Fabulous Fremantle III.. Down down in the watery depths.



It's hard to believe that over the past 400 years over 1400 ships have gone down along the coast of WA. What a dreadful way to come to your end at the bottom of the sea. Back in the 1600's the navigational equipment was not adequate to survive the wild seas along the West coast. Above and below the remains of the Batavia, the first Dutch (VOC) East Indian Company ship sailing from Amsterdam, shipwrecked on her maiden voyage after an unsuccessful hijack, you'll have to click the Batavia link and read the grisly tale!
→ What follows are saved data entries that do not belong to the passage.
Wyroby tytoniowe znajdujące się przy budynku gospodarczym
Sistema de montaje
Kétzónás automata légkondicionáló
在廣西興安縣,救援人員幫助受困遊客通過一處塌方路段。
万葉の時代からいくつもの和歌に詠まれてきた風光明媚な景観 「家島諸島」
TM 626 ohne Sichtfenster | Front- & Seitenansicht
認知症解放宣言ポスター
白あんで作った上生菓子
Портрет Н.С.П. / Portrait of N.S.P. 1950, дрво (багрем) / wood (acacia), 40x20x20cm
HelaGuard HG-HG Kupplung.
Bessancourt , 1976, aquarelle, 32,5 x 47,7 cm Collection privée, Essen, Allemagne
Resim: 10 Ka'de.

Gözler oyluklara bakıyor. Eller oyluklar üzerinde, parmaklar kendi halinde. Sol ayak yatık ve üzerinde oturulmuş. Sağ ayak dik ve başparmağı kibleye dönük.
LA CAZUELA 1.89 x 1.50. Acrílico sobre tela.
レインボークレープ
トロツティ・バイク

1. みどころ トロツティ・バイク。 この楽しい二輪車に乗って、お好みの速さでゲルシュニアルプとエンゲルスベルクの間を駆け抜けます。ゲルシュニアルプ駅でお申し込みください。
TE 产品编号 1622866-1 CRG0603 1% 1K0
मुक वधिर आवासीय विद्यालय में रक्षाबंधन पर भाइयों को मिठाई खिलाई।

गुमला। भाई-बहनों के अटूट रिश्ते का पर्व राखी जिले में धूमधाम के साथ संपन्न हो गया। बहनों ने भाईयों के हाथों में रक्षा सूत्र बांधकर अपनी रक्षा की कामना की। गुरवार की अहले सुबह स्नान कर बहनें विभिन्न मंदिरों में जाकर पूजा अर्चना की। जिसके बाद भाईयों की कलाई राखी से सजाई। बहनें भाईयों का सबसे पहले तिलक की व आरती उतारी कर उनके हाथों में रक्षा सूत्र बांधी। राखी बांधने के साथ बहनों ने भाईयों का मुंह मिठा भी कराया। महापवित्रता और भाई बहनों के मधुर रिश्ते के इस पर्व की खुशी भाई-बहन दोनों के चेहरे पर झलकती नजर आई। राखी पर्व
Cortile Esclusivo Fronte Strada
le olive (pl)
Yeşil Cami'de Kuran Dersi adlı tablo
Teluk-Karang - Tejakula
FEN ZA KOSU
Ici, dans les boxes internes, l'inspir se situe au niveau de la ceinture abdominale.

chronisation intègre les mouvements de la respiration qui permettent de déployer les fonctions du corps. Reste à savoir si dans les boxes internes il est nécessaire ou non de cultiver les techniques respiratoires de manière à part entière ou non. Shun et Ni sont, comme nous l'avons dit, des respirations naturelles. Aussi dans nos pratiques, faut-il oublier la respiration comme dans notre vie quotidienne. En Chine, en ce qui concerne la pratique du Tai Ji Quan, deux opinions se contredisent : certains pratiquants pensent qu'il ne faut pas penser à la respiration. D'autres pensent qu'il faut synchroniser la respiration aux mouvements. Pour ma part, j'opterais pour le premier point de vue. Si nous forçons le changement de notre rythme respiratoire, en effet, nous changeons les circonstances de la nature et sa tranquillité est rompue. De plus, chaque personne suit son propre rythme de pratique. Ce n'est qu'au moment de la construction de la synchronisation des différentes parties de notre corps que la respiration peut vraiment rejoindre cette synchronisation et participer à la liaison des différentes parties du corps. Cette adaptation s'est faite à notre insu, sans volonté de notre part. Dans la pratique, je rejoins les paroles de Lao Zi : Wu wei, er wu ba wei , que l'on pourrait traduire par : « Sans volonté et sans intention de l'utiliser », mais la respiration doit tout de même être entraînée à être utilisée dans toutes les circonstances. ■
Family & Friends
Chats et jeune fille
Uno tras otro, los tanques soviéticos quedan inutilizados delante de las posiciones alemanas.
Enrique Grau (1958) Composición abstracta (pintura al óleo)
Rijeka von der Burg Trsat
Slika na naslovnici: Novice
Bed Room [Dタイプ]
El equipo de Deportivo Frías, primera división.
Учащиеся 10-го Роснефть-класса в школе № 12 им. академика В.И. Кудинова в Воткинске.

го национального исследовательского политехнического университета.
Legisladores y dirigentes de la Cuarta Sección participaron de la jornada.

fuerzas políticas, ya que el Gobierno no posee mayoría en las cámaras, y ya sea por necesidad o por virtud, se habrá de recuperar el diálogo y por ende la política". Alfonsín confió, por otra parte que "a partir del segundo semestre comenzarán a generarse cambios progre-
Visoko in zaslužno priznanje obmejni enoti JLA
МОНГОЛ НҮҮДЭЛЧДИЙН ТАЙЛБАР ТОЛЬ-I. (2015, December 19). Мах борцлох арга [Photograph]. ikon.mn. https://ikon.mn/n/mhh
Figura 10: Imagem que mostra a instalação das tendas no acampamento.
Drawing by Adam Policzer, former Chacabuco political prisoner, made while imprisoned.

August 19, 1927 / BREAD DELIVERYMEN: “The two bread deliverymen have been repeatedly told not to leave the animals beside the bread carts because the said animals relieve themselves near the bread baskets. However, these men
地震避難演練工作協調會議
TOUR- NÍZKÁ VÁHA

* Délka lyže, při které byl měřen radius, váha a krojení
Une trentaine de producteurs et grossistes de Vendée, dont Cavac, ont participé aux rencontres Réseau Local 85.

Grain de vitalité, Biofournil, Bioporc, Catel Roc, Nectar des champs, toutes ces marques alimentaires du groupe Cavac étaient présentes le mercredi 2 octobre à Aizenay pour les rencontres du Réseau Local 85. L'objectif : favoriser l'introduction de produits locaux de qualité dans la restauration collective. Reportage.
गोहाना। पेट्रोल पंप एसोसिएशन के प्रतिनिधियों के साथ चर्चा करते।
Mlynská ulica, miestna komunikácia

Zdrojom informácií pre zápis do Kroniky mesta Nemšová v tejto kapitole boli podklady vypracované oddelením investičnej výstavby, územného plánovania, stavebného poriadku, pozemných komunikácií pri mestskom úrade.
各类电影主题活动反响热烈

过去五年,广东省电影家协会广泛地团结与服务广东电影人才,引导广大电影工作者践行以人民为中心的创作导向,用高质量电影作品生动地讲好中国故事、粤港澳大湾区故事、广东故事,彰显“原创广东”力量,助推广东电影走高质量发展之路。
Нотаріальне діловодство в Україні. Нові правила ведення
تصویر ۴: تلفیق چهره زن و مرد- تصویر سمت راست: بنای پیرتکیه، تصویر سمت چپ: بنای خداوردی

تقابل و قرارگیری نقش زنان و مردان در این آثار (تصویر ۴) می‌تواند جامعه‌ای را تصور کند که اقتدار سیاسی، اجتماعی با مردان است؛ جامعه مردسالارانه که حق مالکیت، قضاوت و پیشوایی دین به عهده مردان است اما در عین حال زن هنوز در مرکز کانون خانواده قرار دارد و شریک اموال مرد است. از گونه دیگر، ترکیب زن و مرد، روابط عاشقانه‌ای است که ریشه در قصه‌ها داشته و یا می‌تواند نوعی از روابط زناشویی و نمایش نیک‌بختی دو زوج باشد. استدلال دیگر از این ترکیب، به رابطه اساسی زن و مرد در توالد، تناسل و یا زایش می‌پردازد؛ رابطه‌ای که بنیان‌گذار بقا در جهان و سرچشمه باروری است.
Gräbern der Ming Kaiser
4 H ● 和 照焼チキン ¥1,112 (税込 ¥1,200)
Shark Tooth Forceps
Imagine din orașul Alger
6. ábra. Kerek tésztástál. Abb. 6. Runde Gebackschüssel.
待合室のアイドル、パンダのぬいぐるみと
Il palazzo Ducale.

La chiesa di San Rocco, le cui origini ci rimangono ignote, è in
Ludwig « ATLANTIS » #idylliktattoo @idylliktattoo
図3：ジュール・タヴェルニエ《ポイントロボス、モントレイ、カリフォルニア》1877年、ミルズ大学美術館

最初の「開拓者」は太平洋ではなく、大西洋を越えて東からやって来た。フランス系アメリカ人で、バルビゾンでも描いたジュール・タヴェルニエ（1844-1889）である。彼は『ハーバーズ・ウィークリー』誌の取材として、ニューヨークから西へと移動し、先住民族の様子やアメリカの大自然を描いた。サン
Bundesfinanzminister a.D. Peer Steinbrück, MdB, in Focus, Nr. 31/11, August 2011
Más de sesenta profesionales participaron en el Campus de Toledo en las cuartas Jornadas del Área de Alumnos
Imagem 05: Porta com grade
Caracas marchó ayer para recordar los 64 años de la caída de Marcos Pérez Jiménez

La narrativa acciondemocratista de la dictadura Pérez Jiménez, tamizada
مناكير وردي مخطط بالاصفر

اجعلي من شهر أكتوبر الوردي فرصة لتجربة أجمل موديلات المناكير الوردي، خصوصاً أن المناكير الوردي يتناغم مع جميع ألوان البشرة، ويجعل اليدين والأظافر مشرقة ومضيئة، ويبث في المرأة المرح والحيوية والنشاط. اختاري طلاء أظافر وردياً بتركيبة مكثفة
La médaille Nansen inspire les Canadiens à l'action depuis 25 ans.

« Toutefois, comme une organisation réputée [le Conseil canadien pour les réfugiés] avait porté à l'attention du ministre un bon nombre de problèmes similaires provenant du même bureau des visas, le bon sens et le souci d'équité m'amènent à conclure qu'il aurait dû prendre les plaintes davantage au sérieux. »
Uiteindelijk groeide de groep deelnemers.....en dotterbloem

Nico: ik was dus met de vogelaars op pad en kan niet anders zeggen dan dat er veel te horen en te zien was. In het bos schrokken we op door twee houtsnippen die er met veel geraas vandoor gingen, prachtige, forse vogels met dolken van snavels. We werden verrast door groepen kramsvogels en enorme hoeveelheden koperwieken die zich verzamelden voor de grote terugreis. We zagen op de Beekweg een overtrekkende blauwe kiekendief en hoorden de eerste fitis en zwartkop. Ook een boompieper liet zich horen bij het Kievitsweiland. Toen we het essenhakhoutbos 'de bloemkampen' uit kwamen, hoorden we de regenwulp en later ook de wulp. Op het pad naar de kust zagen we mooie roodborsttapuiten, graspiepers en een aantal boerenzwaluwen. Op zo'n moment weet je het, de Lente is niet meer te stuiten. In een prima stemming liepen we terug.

During 1970/74 the timbers from the stern of the Batavia, an anchor, some of the cannon and many artifacts were salvaged. The divers also brought up 137 sandstone blocks which made up into the huge portico facade you see below.. on her way to Jakarta, known then as Batavia, this was to be an impressive sea gate. There's just so much history here, if you are interested in the sea journeys of these brave explorers, the links are really informative. Happy Friday, take care and stay safe... p.s. you know there's more to come right :)


24 comments:

  1. I would have been in awe looking at these pieces of history. Imagine that ship sinking to the bottom of the ocean hundreds of years ago never to be seen again and yet here are pieces of it and it's cargo on view to a modern world. Just thinking about that is enough to inspire me.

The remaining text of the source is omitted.